MARYLAND (TIP): Indian American owned health care informatics company CTIS led by its founders Raj and Bharti Shah, have collaborated with the Johns Hopkins Center for Clinical Global Health Education and Byramjee Jeejeebhoy Government Medical College to equip and dispatch a custom-designed mobile health care services van to Maharashtra, India.
The mobile clinic, the parties say, is designed to address the fact that India assumes a large burden of chronic and infectious diseases, leading the world in deaths related to tuberculosis, cervical cancer and diabetes, and ranking third in the number of people with HIV.
Equipped with a $100,000 donation from CTIS and the Shahs, the mobile clinic features advanced laboratory equipment for disease diagnoses, including a GeneXpert rapid TB diagnostic system. The van includes other modern care and treatment capabilities, including mobile radiology equipment.

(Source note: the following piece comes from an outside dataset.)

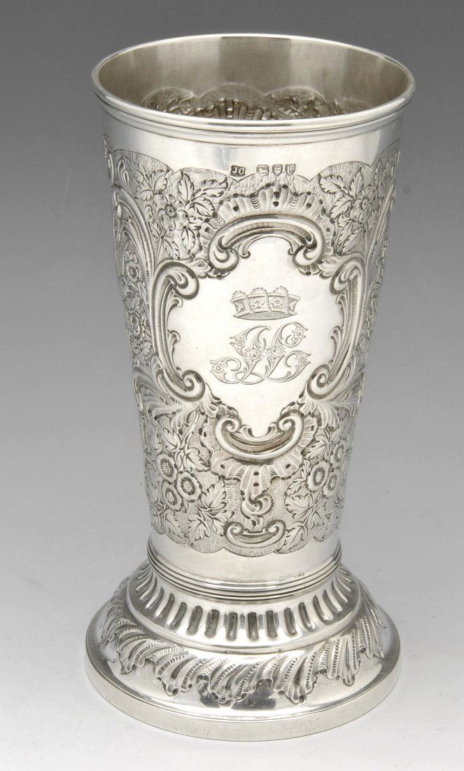 SoldAn early Victorian silver trophy vase of campana form,An early Victorian silver trophy vase of campana form, embossed with bands of trailing and fruiting vines surrounding various presentation engravings. Hallmarked London 1839 with maker's mark W.H, posSee Sold Price

While mobile clinics sponsored by corporate hospitals and charity organizations have been deployed in Maharashtra primarily to provide health care in rural areas, the group behind this effort say it is novel, in that it will strategically enhance community outreach for tuberculosis screening, research and care, and provide wellness services.
Johns Hopkins Center for Clinical Global Health Education Director Robert Bollinger, M.D., M.P.H., says the support from the Shahs will lead to improvements in health and wellness in Maharashtra, as well as provide a model for innovative health research, care and wellness for the rest of India.